Jawa Tengah ingin memberikan pengalaman terbaik bagi para kafilah sekaligus menunjukkan bahwa MTQ dapat menjadi ruang bersama bagi seluruh masyarakat.

“Mudah-mudahan dari Jawa Tengah, MTQ Nasional ini tidak hanya sukses penyelenggaraannya, tetapi juga memancarkan kedamaian dan kebersamaan untuk Indonesia,” ungkap Ahmad Luthfi.

Defile Kafilah hingga Penampilan Opick

Pembukaan MTQ Nasional XXXI diawali dengan defile kafilah dari 37 provinsi. Prosesi kemudian dilanjutkan dengan rangkaian seremoni pembukaan.

Suasana semakin semarak dengan atraksi tari Rato Jaroeh yang dibawakan SMAN 4 Semarang.

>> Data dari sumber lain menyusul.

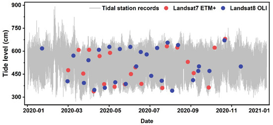 Tidal flats are primarily distributed in the coastal zone between high and low tide levels and exhibit pronounced temporal variability under the influence of tides [13,14]. However, since Landsat satellite observations are limited to almost fixed overpass times [15], it is difficult to ensure that the satellite overpass times coincide precisely with either the highest or lowest tide levels (as illustrated in Figure 1). To address this limitation, current tidal flat mapping approaches typically adopt a multi-temporal strategy to increase the probability of capturing both high and low tide levels [16,17,18]. From a probabilistic perspective, a higher frequency of satellite observations enhances the chances of capturing extreme tidal conditions. Nevertheless, the spatial and temporal distribution of Landsat observations is inherently non-uniform [19]. The Landsat satellite observation frequency has increased significantly over time due to the continued operation and launch of successive Landsat missions [20]. Recent studies have shown that the number of Landsat observations available in 2020 is twice that of 2000 [21]. Consequently, when analyzing long-term changes in tidal flat extent using Landsat-based products, it is essential to account for the influence of observation frequency on the mapped tidal flat area.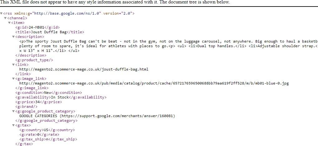 - Google Product Feed XML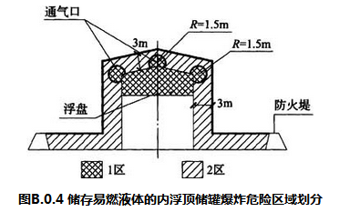 B.0.4 储存易燃液体的内浮顶储罐爆炸危险区域划分(图B.0.4),应符合下列规定: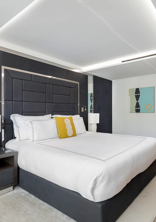 The clean-line architecture is synonymous with the South of France, but inside is something completely unique. White and grey marble, neutral beige furnishings, and wooden floors. And no luxury villa would be complete without incredible artwork. A life-size tyrannosaurus and a Pterodactyl in the trees – Gregory Bonnard sculptures add a unique quirk to the gardens, and modern, vibrant pieces can be seen throughout the living spaces.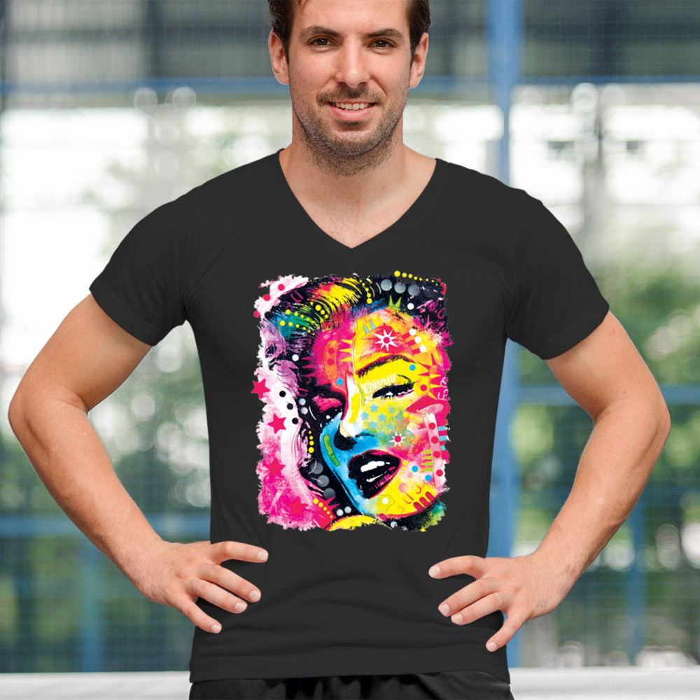 DEAN RUSSO COLORFUL MARILYN v-neck t-shirt neon hot symbol starlet tee black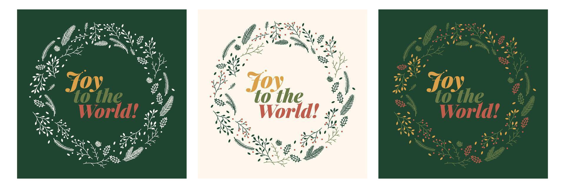 square visuals with minimalist branches and leaves and Joy to the World text. Pro Vector
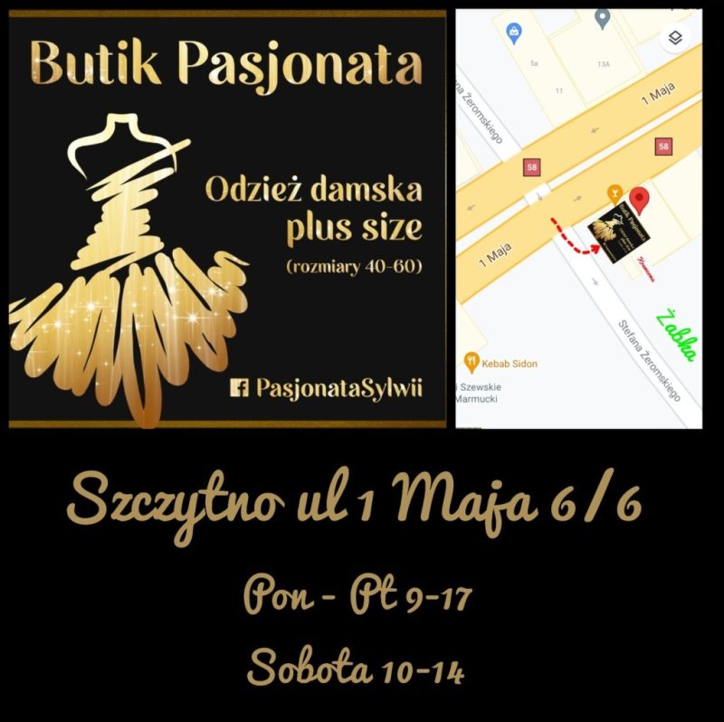 Promocja. Masz problem z kupieniem ubrań, bo większość asortymentu kończy się na rozmiarze 42? Zajrzyj do Butiku Pasjonata Sylwii. Oferujemy odzież polskich, włoskich i tureckich producentów w rozmiarach od 40 do 60. Serdecznie ZAPRASZAMY. Szczytno, ul. 1 Maja 6/6.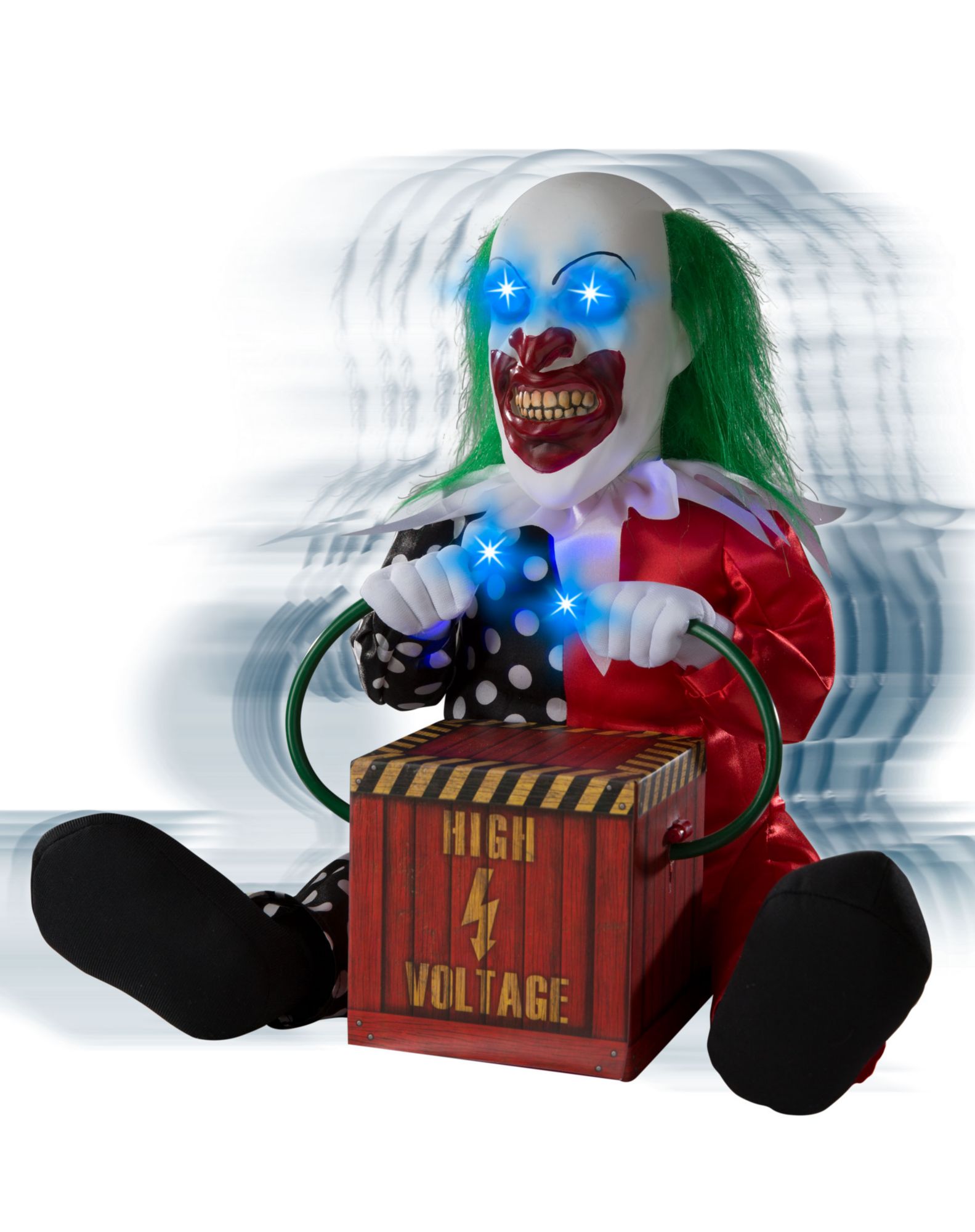 Not all clowns are terrifying, but don't trust this little guy! With his twisted grin, wide eyes, and eerily pale skin, Zappy is anything but friendly. Turn him on and watch the wires in his hand come to life while Zappy begins shaking and his eyes light up with electricity! No one will want to go near him when they hear his horrifying laugh and witness the wrath of this high-voltage horror show!

Ratusan penari juga tampil dalam tari kolosal Kisah Tanah Jawi yang membawa cerita dan kekayaan budaya Jawa ke tengah panggung MTQ Nasional.

Kemeriahan kemudian ditutup dengan lantunan lagu-lagu religi dari penyanyi Opick yang menghibur masyarakat dan para kafilah.

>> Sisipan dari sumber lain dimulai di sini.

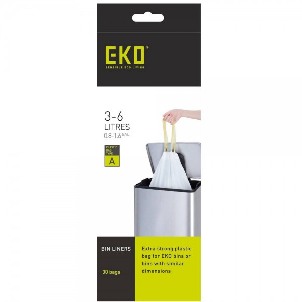 EKO Торби за смет с връзки. Много здрави и удобни торби за отпадъци. Съветваме Ви винаги да купувате правилния размер, съобразен с литрите на коша за смет, за който са предназначени.Торбите за смет на EKO са изработени от изключително здрав, издръжлив и качествен синтетичен материал. Те са с дръжки за връзване, за да се направи удобно и лесно изваждането и изнасянето на боклука. Торбите за смет на EKO са прецизно пригодени да отговарят на съответните кошчета EKO, но са подходящи и за други кошчета с подобни размери.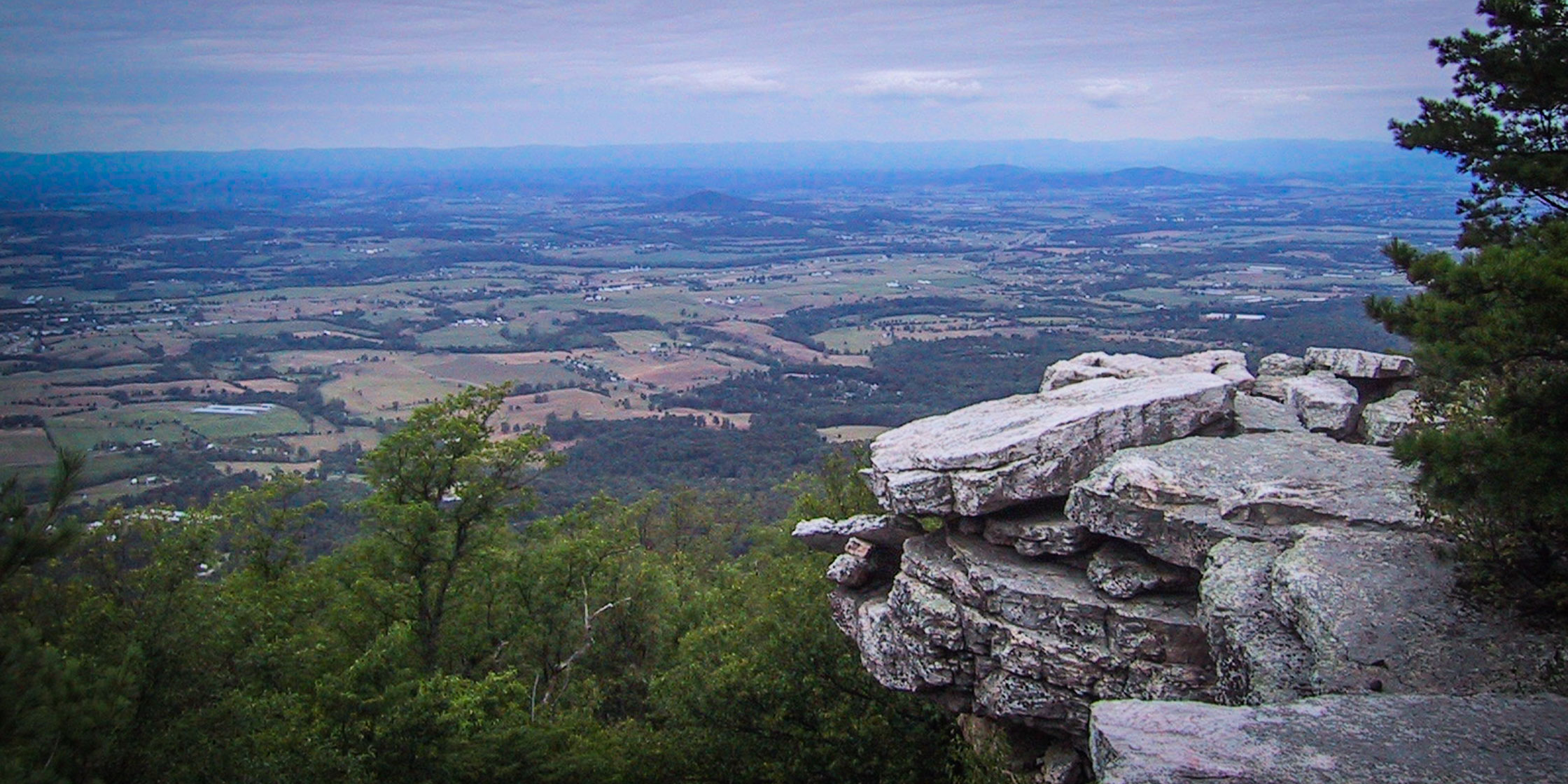 Caroline Furnace Lutheran Camp, the start/finish of the MMT 100, flanked by the East and West ridges of the Massanuttens.
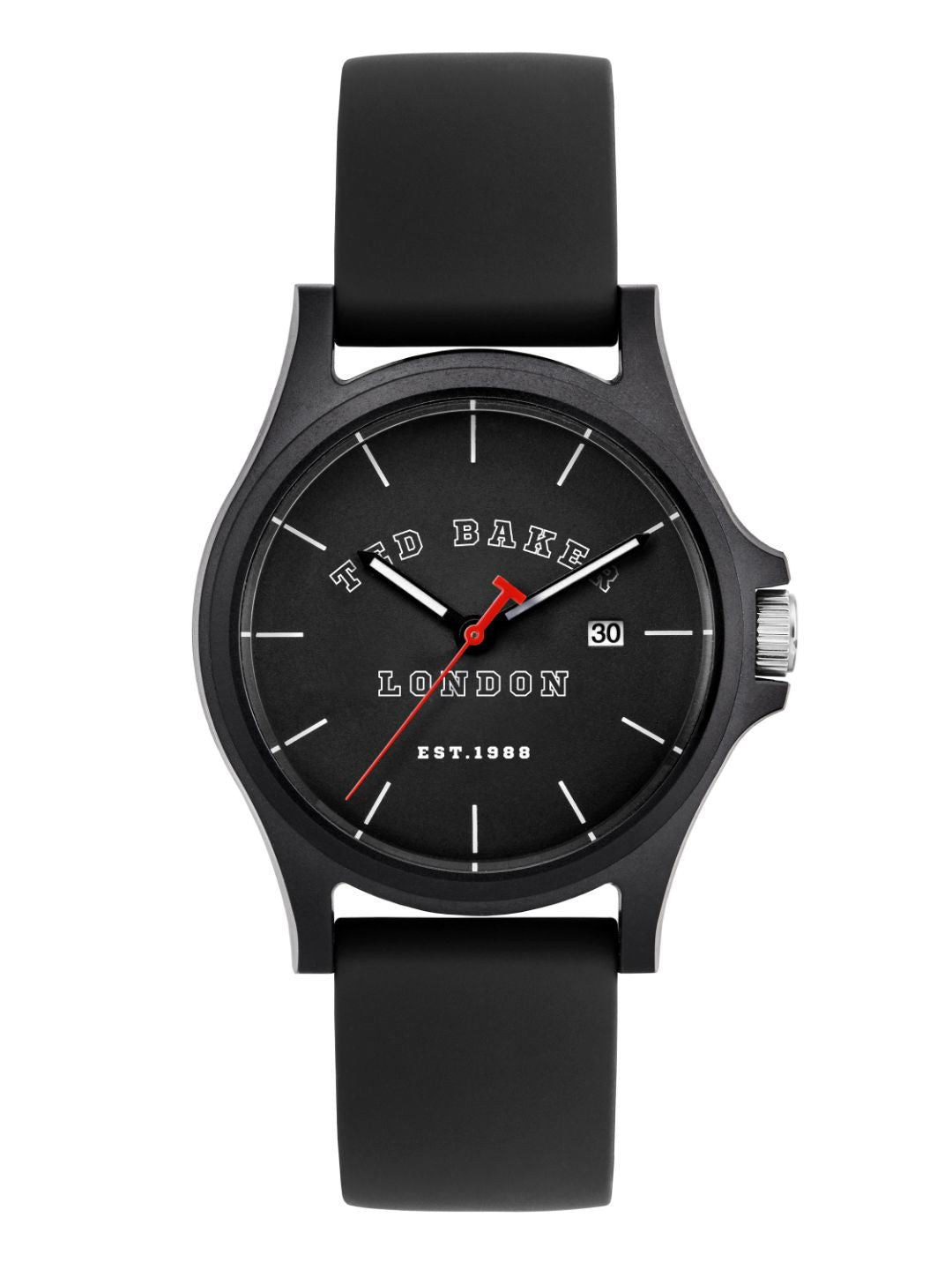 The Ted Baker Irby Men Black Wrist Watch can help you step up your style game. This analogue watch, with its sleek black dial?áand durable silicon band, is ideal for casual events. It's both useful and attractive, with a quartz movement and a water resistance of 50 metres. The one-year warranty and mineral glass assure long-term use. To keep it looking its best, use a cotton cloth to clean the dial.

Perpaduan syiar agama, seni budaya, hiburan, serta keterlibatan masyarakat membuat pembukaan MTQ Nasional XXXI bukan sekadar seremoni pembuka kompetisi.

Lebih dari itu, Lapangan Simpang Lima malam itu menjadi ruang perjumpaan masyarakat dari berbagai daerah. Di tengah perbedaan asal, budaya, dan latar belakang, mereka dipertemukan dalam suasana religius, hangat, dan penuh persaudaraan.

MTQ Nasional XXXI di Jawa Tengah pun membuka pesan bahwa kemeriahan sebuah perhelatan dapat berjalan beriringan dengan syiar, budaya, persatuan, dan kedamaian.